Muskellunge -- an inedible, fresh water, bi-valve mollusk often mistaken for a clam
Utiangue -- a blurring of the vision resulting from chronic, terminal hubris
Choctawhatchee -- the condition of always being the last to know
(I'll bet Clary is beginning to regret having started this thread)
and you now also have my deepest sympathy
Assiniboine -- that snooping, gossip-retailing old woman we all seem to know
Chilliwack -- a sudden need to leave the room in a hurry, resulting from eating one's own cooking
Kapuskasing -- giving unwanted advice to someone attempting their own auto repairs
Setanta, you truly are a scream. I bask in the glow of your intellect! :wink: Having said that, I make my first attempt at "liff":
Muskegon - That distinct odor when your weapon has not been properly cleaned.
Prime stuff, Boss, welcome aboard.
Why, thank you. It's gonna take ME a while to come up with another one!
(Hint: American Indian Place Names+Google=Meaning of LIFF game opportunities unlimited)
Spardrapocious: the attitude of gently, but ostensibly, giving your subway seat to an elderly lady a few seconds before the train arrives to the station you get off at.
Pigatte: a person who call all day to radio stations, in order to get free gifts he/she never redeems.
First class, Fbaezer . . . and in honor of your mot . . .
Chapultepec -- the inability to participate in track and field events due to a lack of coordination
Great one, set.
Time to tell the story of Pancho Campos, a member of my High School track team.
Campos was a prime class semi-fondist. He applied to use the Olympic Comittee facilities, was asked to break the Under-17 national record for the 3000 meters, and did it the same day.
To keep using the facilities, he had to win the school league race, the Mexico City race and be among the top 3 on the National Youth Championship.
On the day of the Mexico City race, the events were running a little late (OK, Mexico, I know), so Campos decided to go to the entrance door "and buy some lemons". There were no lemon vendors, there, so he went to the next door, about half a mile away.
When he came back to the stadium, sucking his lemon, the 3000 race had begun, he was out and lost his place as a user of the Olympic facilities.
Now, that's what I call a Chapultepec!
A prime lesson about the importance of mental as well as physical coordination.

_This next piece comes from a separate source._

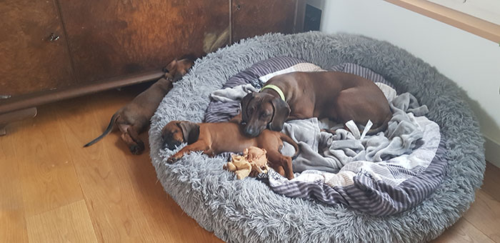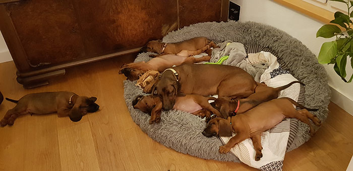 Welpen im Körbchen mit Mama Frieda - BGS Hunde vom Fischbach in Lauchheim Welpen im Körbchen mit Mama Frieda - BGS Hunde vom Fischbach in Lauchheim Welpen beim Spaziergang Welpen beim Spaziergang Welpen im Körbchen Welpen beim Spaziergang Welpen im Gras

Keokuk -- an annoyingly loud-voiced small bird who invariably perches right outside the window on a weekend when you're trying to sleep in
Kamuzakinsky: a person who cannot perform sexually while listening to muzak (see also derivatives such as Kaoperakinsky, Karockakinsky, Kapopakinsky, Kahiphopkinsky, etcetera)
Krakow :- Someone suffering from a sore Bottom.